[Twisted-Python] Re: [Twisted-commits] r13446 - After a lengthy discussion, revert to previous threaded behavior wrt registering as the IO thread

James Y Knight foom at fuhm.net
Sun Apr 3 21:52:34 MDT 2005


> [23:46] <exarkun> So, um, to back up and perhaps narrow scope slightly
> [23:46] <exarkun> The current code does the right thing, I think, 
> except when the platform lacks threads
> [23:46] <exarkun> it does more than it needs to, probably, but it 
> doesn't look like it ever does anything that's plain wrong
> [23:47] <exarkun> platforms that lack thread support need to just not 
> have registerAsIOThread called, or registerAsIOThread needs to be a 
> no-op on those platforms

It already is, and always has been. From The Source:

def registerAsIOThread():
     """Mark the current thread as responsable for I/O requests.
     """
     global threaded
     global ioThread
     if threaded:
         import thread
         ioThread = thread.get_ident()


> [23:48] <exarkun> Correction: registerAsIOThread in __init__ on a 
> thread-supporting platform is also sub-optimal now, as it forces the 
> import of the thread module when we may not actually need it.

But it doesn't. See above. It is *because* of the behavior of doing 
nothing when threadable.init(1) has not yet been called that 
whenThreaded(registerAsIOThread) is necessary.

> [23:54] <glyph> Yes, but having iterate() behave in random, 
> non-deterministic, broken ways in edge cases is preserving its current 
> behavior :)

So, the reasoning for re-breaking iterate() is that iterate is also 
broken in some other way, and thus it should remain broken in this 
regard too? How does that even make a bit of sense?
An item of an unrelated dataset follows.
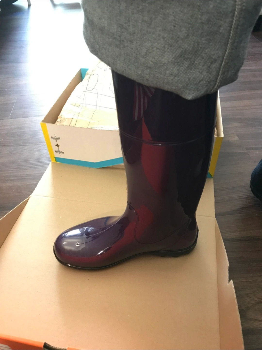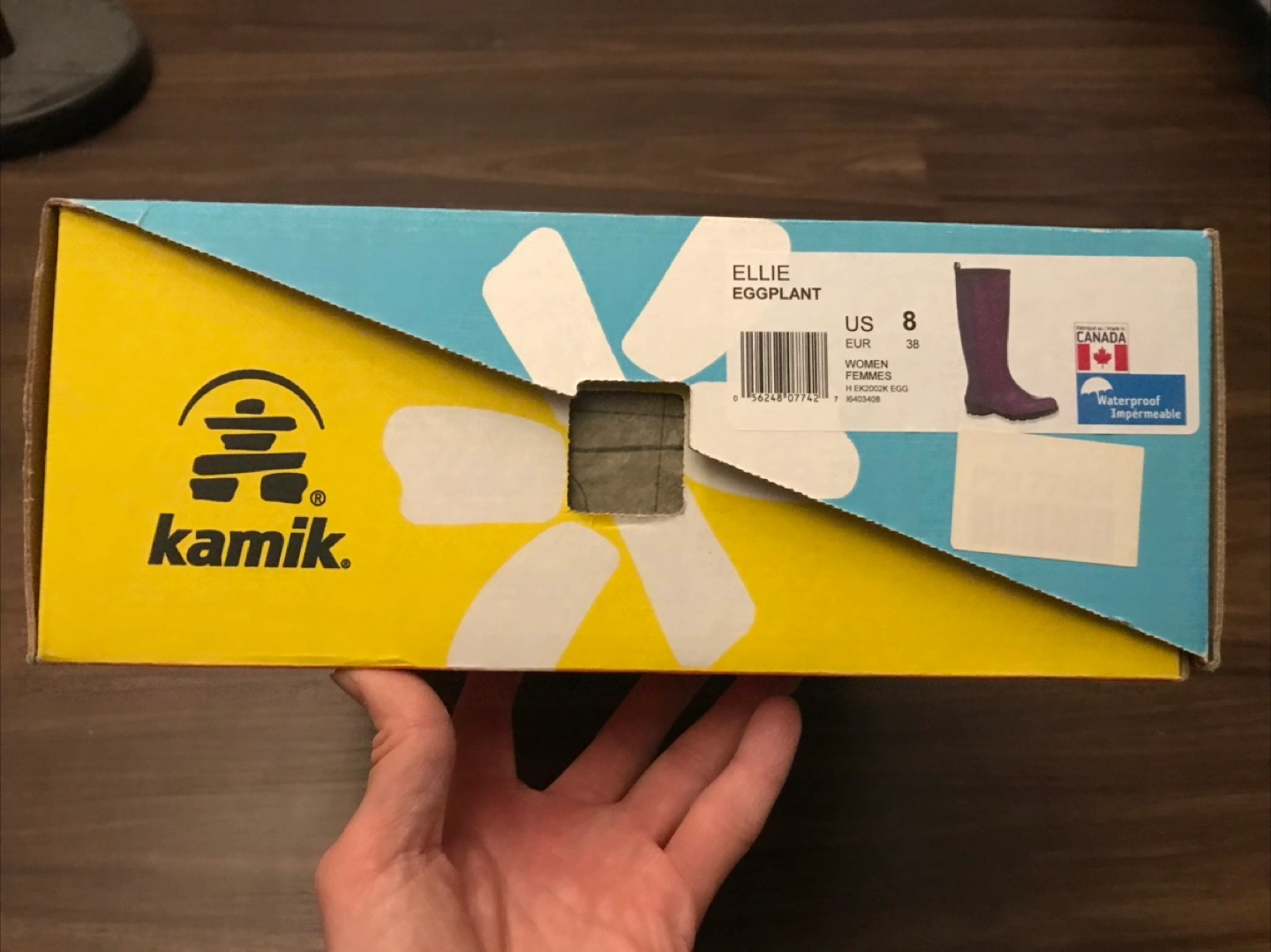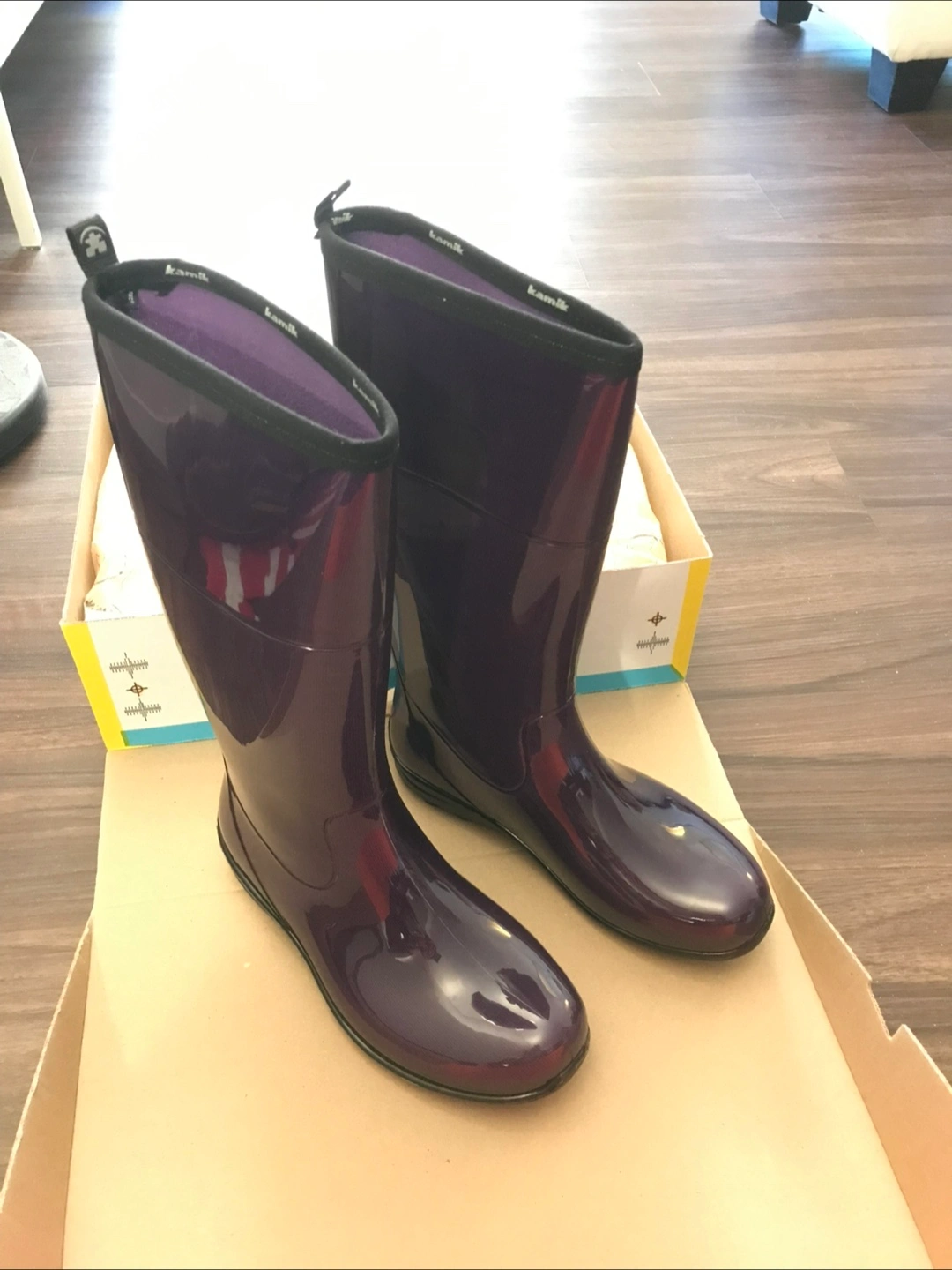 Selling a pair of Kamik Ellie rain boots in eggplant colour, size 8. These boots are waterproof and perfect for rainy days! They come with the original box.

Of course, right now, the only place isInIOThread is ever used in 
twisted is in reactor's wakeUp function, and there, it does not matter 
(except for efficiency) that it will always return False. So, we could 
simplify isInIOThread to "return False" and call it a feature.

A better solution may be to get rid of all this mess, and just make it 
so that if the thread module is available, it is used. Forget the 
"threaded mode" nonsense, and just make threaded-or-not something that 
has to be determined once, and finally, at startup.